(Data records)
[Start of Attachment]
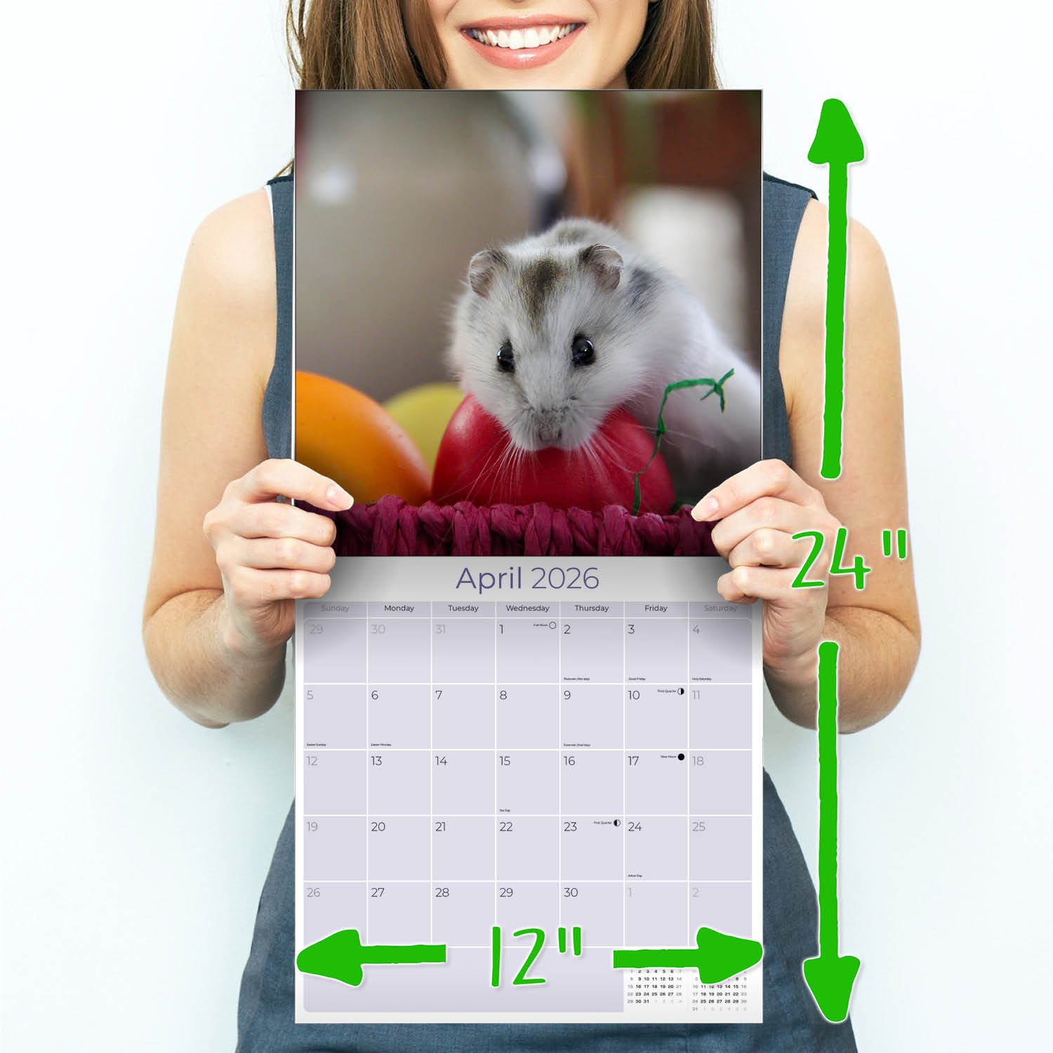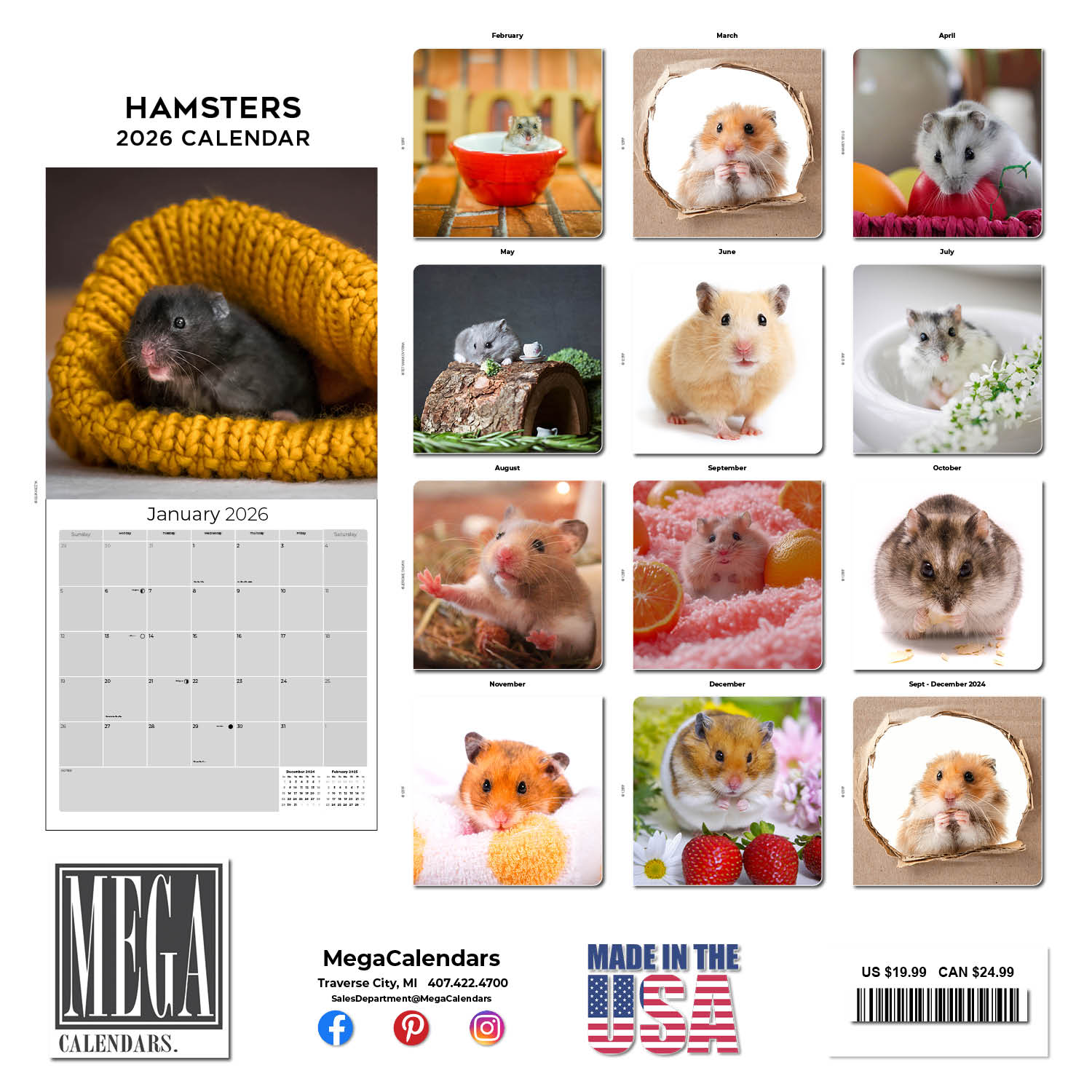 The Hamsters Calendar 2026 is the perfect calendar for the hamster lover in your home. Make scheduling and recording appointments and special days easy using the large grid format with enough room to enter all your activities. Enjoy having these adorable little creatures accenting your home or office decor with thirteen special photos that will melt your heart.
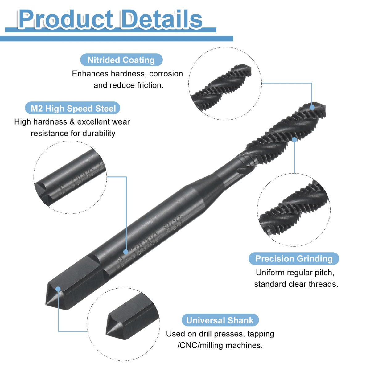 Spiral Flute Tap: Thread size: 8-32 UNC; thread length: 16mm / 0.63", overall length: 57mm / 2.24", square end size: 4mm / 0.16". H2 tolerance, right-hand thread cutting, with clean threads and sharp-cut cutting edges for fast and accurate tapping.. Notable Features: Spiral flute design ensures smooth chip evacuation, prevents breakage, and enables more efficient tapping. The spiral tip of the tap helps guide it into the hole, reducing the torque required to turn it, and the flutes easily remove chips and debris from the hole and machine.. Wide Applications: Spiral flute thread taps are suitable for machining blind or deep holes and sticky materials, and can be used for tapping stainless steel, aluminum, cast iron, alloy steel, ordinary steel, non-ferrous metals, hard plastics, etc. Suitable for drilling machines, tapping machines, CNC machine tools and milling machines. Used with tapping oil, you can get more precise threads and more durable taps.. Strong & Durable: Taps are made of M2 high-speed steel (HSS6542), It has high hardness, toughness and good wear resistance, good cutting performance, and can produce clean and precise holes. Nitrided surface can improve corrosion resistance and hardness, reduce friction, and extend service life, making it very suitable for a wide range of applications.. Warm Tip: It is recommended to use machine taps with tap chucks with overload protection. It is not recommended for manual use and electric drill tapping to avoid damage caused by uneven force. The tapping angle should be 90 degrees vertical. The harder the material, the slower the drilling speed..Other fine products
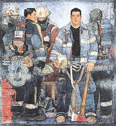 除了国画《使命》,获奖作品中还有一件聚焦消防队员形象,这就是雕塑《烈焰青春》。中国美协理论委员会主任尚辉评价说:“从这两件作品中,我们可以看到一个共同的特点,消防队员表现的是青年人的形象,他们的使命、朝气以及内在所散发出来的时代气息都特别鲜明。”
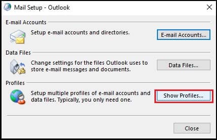 - After opening Mail from the Control Panel, click on Show Profiles.
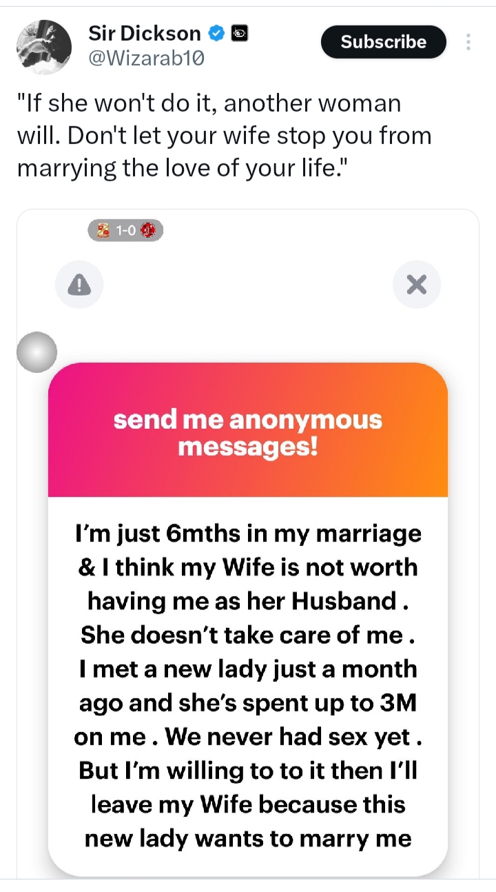“I’m just 6mths in my marriage & I think my Wife is not worth having me as her Husband. She doesn’t take care of me. I met a new lady just a month ago and she’s spent up to 3M on me. We never had sex yet . But I’m willing to to it then I’ll leave my Wife because this new lady wants to marry me..,” the post read.
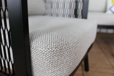 anyag fekete alumínium szerkezet, 12 cm magas párnák, fonott szövet (poliészter 460 g/m2), vízlepergető anyag
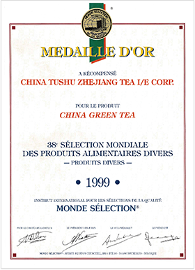 “獅峰牌”龍井茶獲世界優(yōu)質(zhì)食品博覽會(huì )金棕櫚獎、浙江省著(zhù)名商標、浙江出口名牌
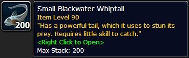 魔兽世界6.0资料片中,过去始终是烹饪基本材料之一的鱼类已经不会在新版本中用于烹饪了,取而代之的是鱼肉。钓到的鱼现在类似包裹,可以打开,按鱼的体型可以从中拾取鱼肉。例如黑水鞭尾鱼,我们可以钓到下面这几种:
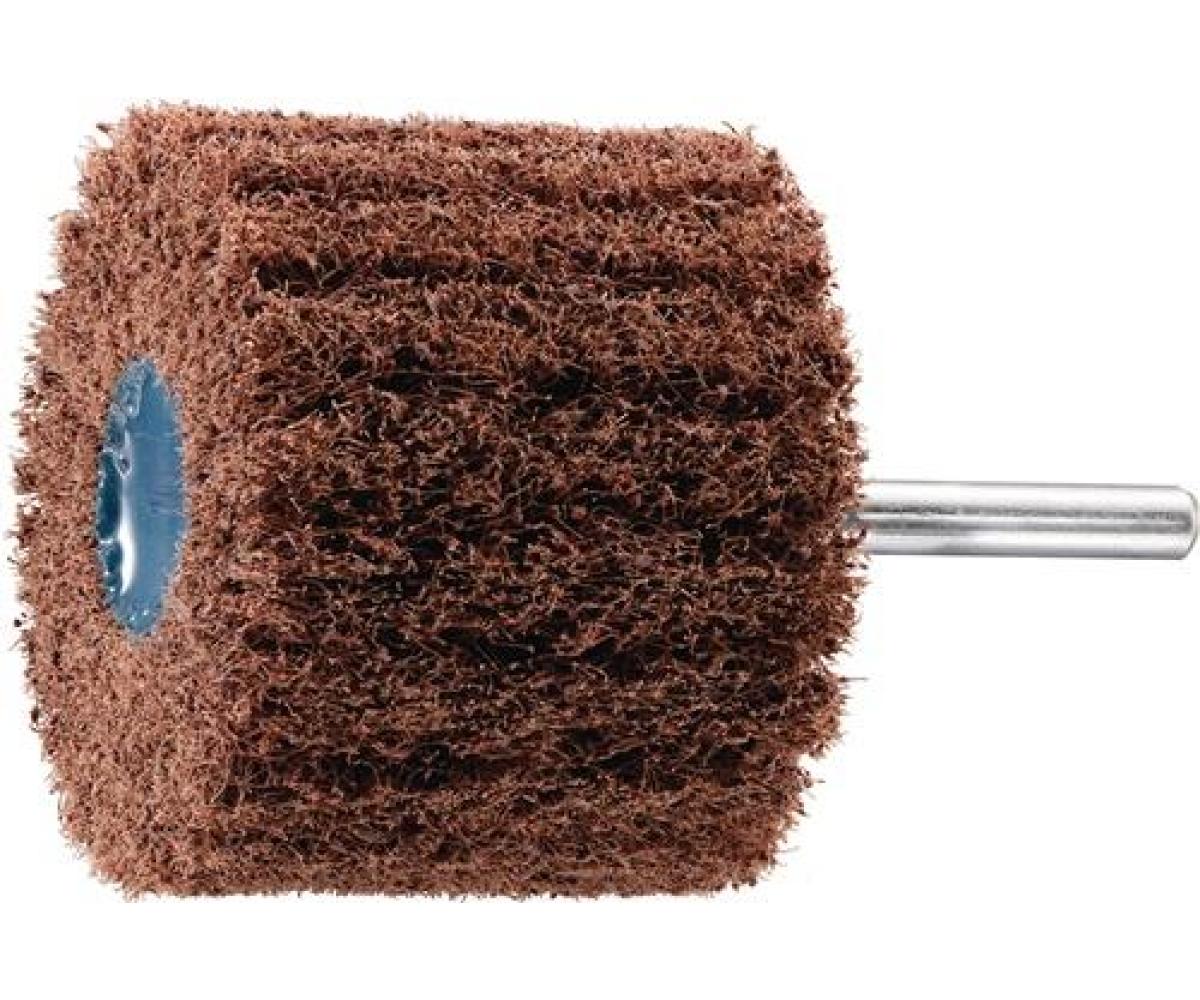 Korund A · Anordnung des Vliesmaterials radial in Lamellenform, wobei bei diesen Polierkörpern die Lamellen extrem dicht gepackt sind und dadurch eine hohe Standzeit erreicht wird · Schaft-Ø 6 mm
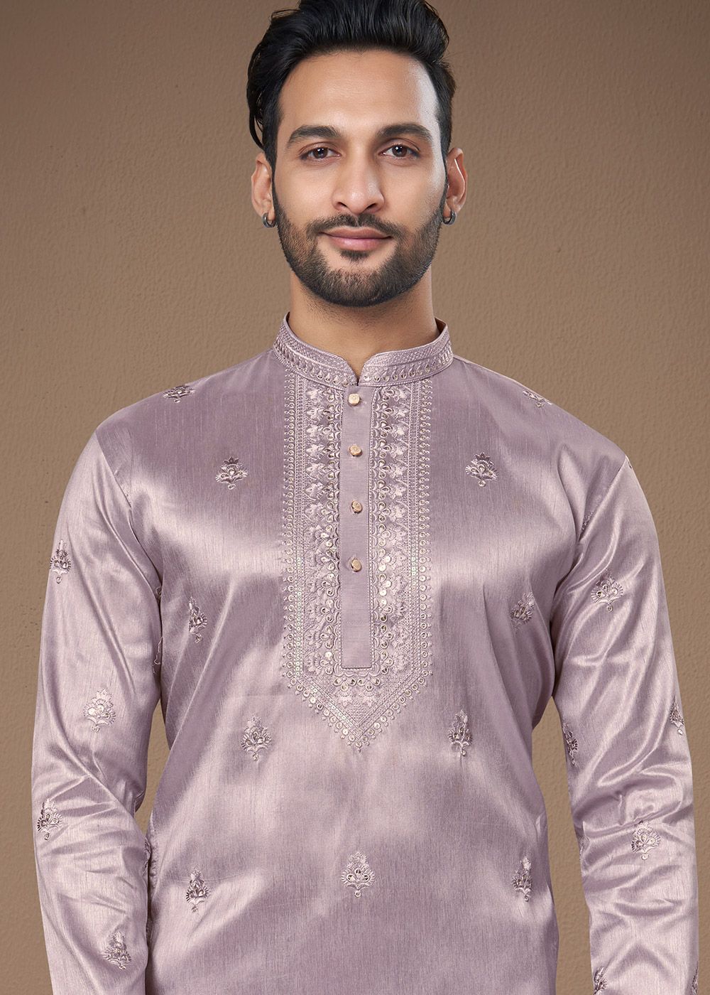 Purple Men Embroidered Kurta PajamaSpecial Price US$87.75 Regular Price US$117.00
[End of Attachment]
● Instructions to follow: Leaving every picture out, return the lines from the one containing "Korund A · Anordnung" through the last line of the records exactly.

● Response below:
 Korund A · Anordnung des Vliesmaterials radial in Lamellenform, wobei bei diesen Polierkörpern die Lamellen extrem dicht gepackt sind und dadurch eine hohe Standzeit erreicht wird · Schaft-Ø 6 mm
 Purple Men Embroidered Kurta PajamaSpecial Price US$87.75 Regular Price US$117.00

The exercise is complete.